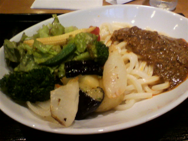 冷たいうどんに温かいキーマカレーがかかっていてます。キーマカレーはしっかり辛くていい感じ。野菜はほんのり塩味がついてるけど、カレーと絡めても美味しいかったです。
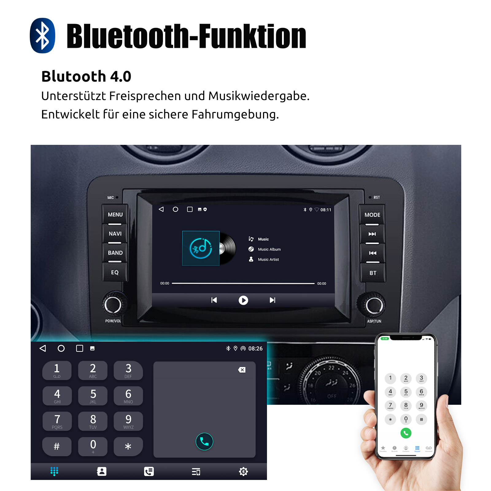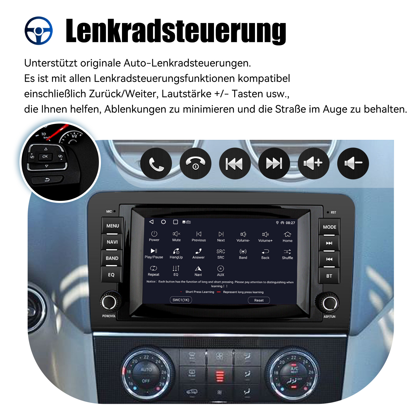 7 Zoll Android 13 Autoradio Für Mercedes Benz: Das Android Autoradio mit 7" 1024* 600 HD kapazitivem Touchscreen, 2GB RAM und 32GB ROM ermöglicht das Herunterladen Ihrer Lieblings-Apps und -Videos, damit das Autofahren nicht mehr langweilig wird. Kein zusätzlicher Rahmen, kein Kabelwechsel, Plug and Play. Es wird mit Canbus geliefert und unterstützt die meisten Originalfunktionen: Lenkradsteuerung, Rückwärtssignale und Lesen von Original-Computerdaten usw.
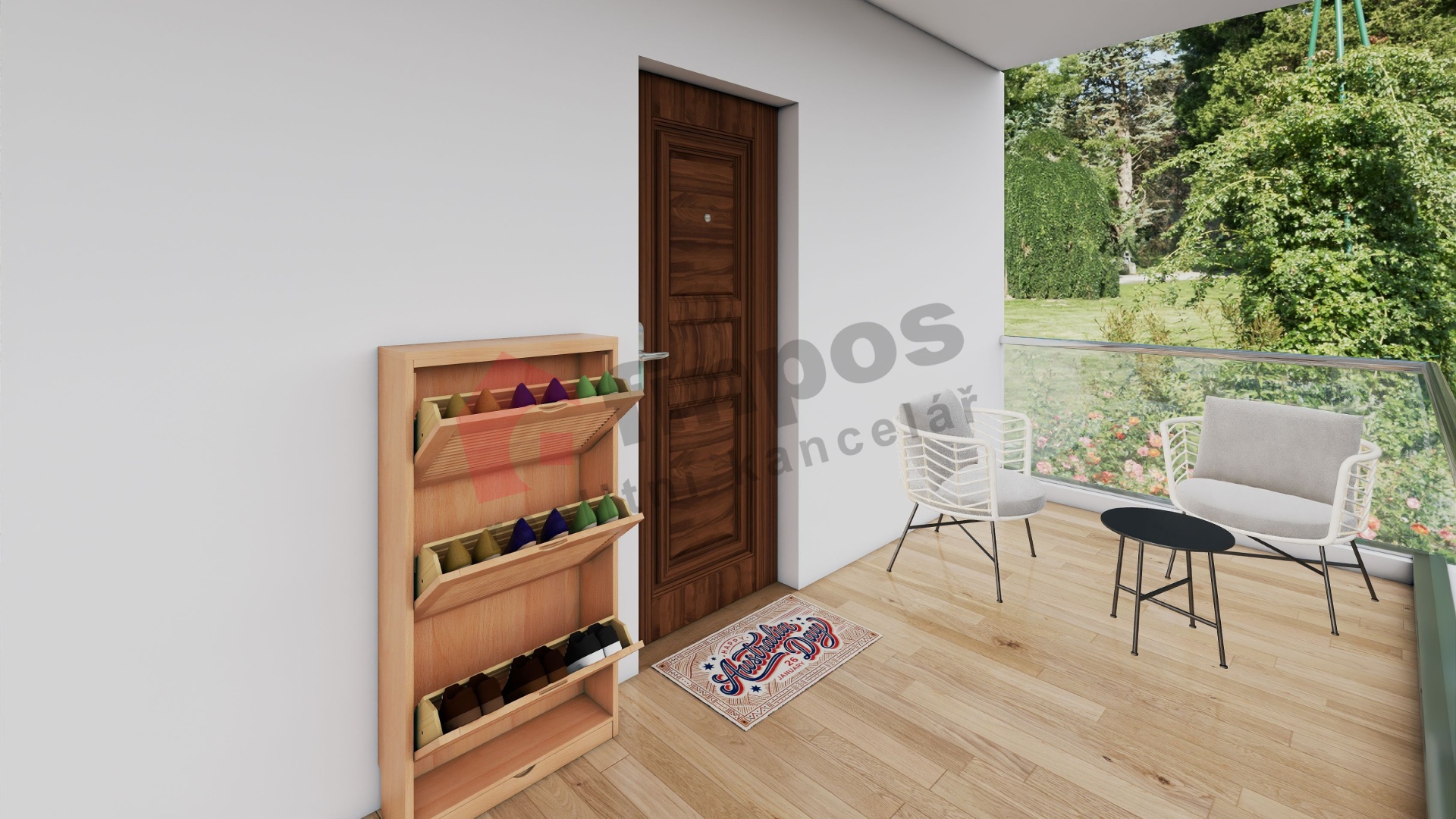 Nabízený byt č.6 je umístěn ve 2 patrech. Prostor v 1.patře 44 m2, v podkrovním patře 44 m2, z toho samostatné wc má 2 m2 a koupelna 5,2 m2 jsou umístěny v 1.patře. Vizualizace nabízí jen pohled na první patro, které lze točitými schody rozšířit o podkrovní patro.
---
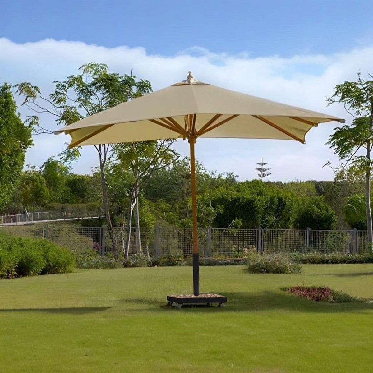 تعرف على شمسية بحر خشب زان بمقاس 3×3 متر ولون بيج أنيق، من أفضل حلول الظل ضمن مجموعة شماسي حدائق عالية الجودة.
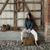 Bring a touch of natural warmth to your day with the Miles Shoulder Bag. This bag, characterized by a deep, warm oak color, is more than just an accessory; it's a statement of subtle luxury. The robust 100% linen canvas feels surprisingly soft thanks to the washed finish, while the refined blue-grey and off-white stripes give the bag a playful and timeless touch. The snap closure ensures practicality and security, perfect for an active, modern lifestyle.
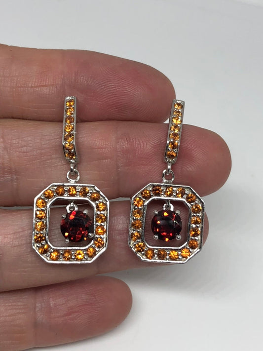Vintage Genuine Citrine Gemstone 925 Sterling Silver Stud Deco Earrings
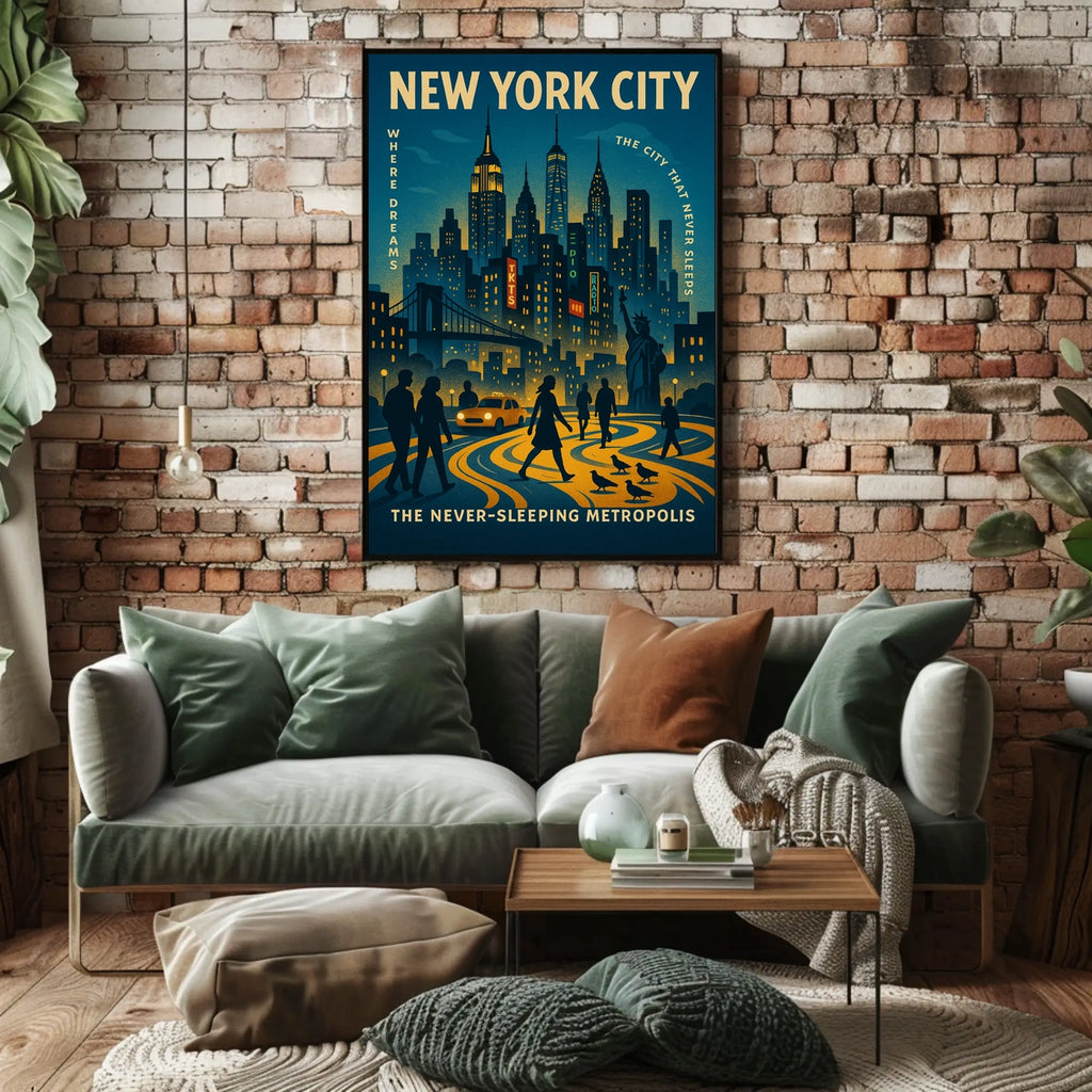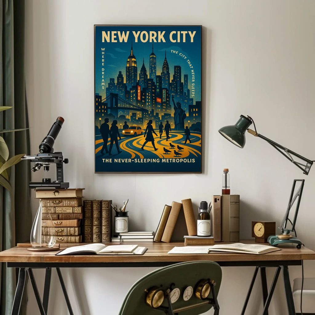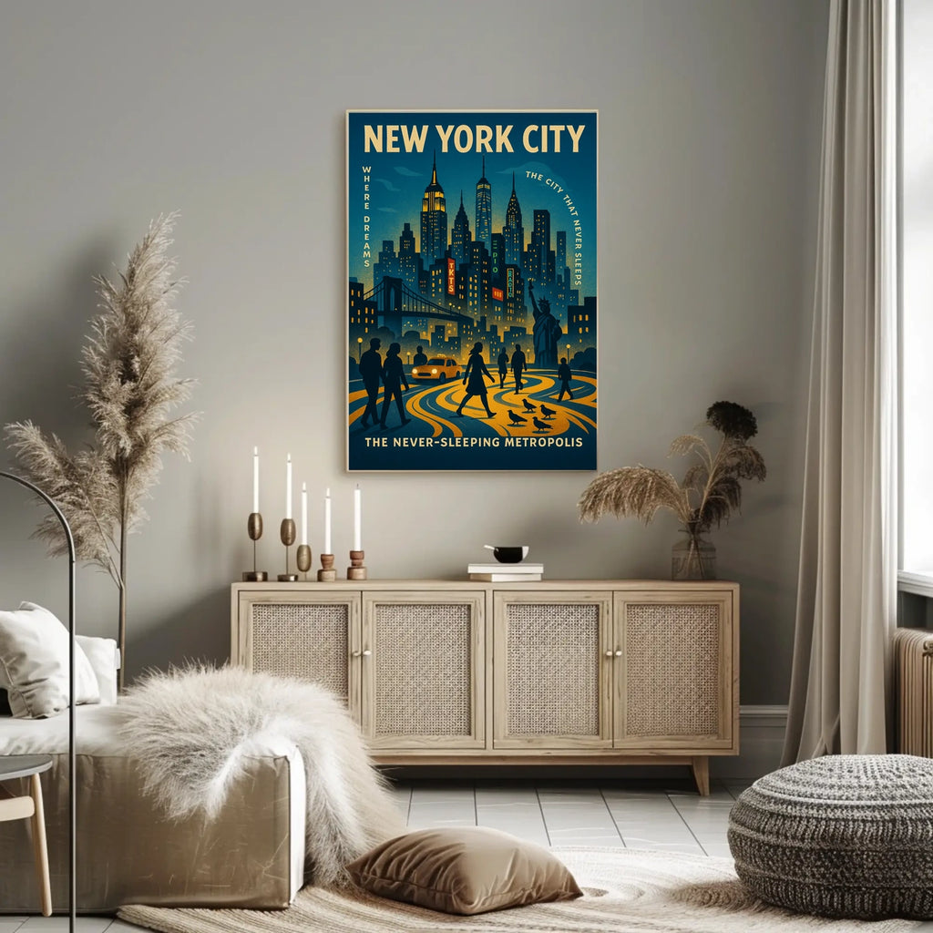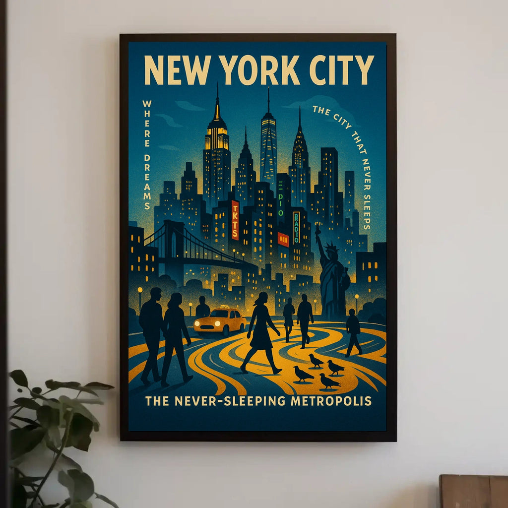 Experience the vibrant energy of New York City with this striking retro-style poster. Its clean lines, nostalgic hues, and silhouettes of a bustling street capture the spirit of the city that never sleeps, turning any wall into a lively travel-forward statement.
---
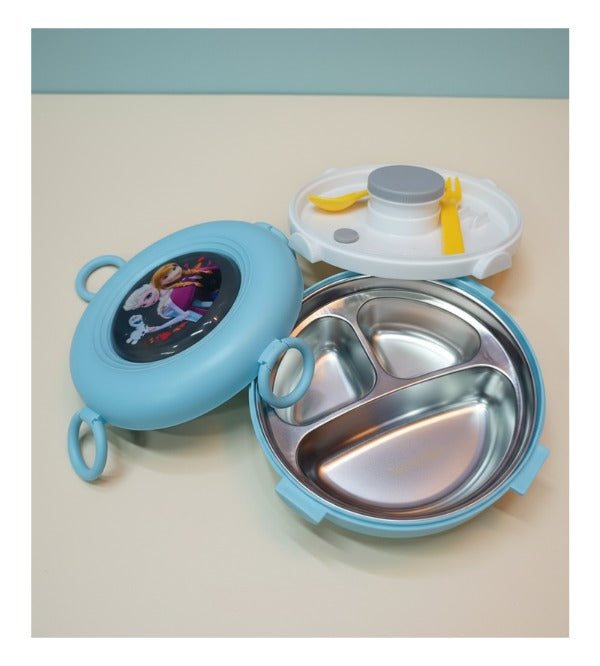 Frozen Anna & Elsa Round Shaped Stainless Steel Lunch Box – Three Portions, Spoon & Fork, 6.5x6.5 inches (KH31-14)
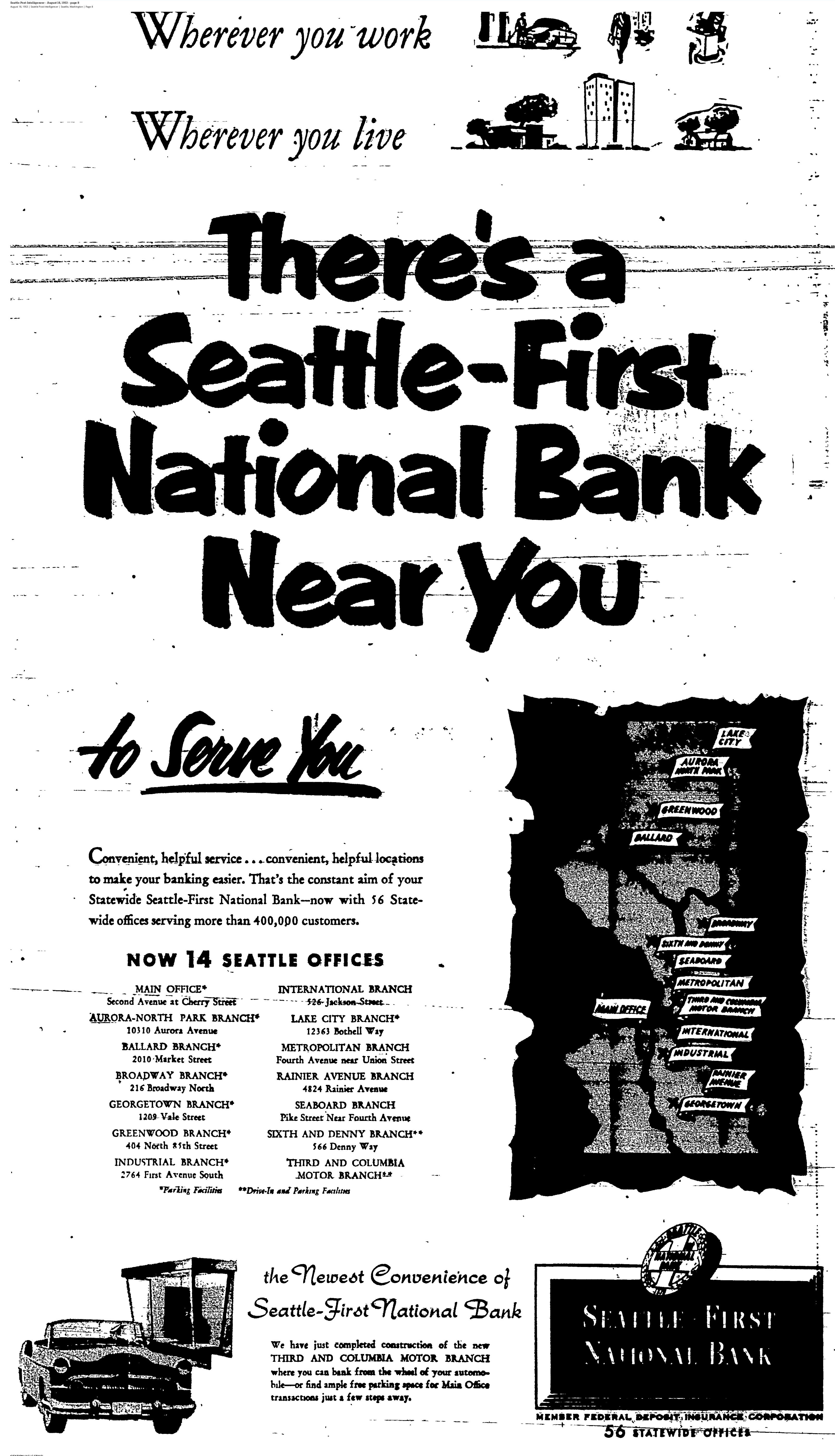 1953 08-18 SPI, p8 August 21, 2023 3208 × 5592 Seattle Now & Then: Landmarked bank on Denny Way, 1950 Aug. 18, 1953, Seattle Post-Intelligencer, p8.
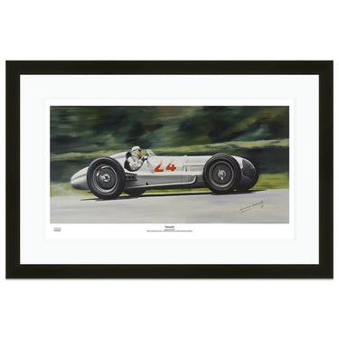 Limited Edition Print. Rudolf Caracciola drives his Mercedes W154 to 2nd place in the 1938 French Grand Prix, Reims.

▶ ACTIVITY: Output exactly the stretch of the listing that begins at the line containing "Vintage Genuine Citrine" and ends at the line containing "Experience the vibrant", both kept. Omit pictures and everything else.

▶ WRITTEN SOLUTION:
Vintage Genuine Citrine Gemstone 925 Sterling Silver Stud Deco Earrings
 Experience the vibrant energy of New York City with this striking retro-style poster. Its clean lines, nostalgic hues, and silhouettes of a bustling street capture the spirit of the city that never sleeps, turning any wall into a lively travel-forward statement.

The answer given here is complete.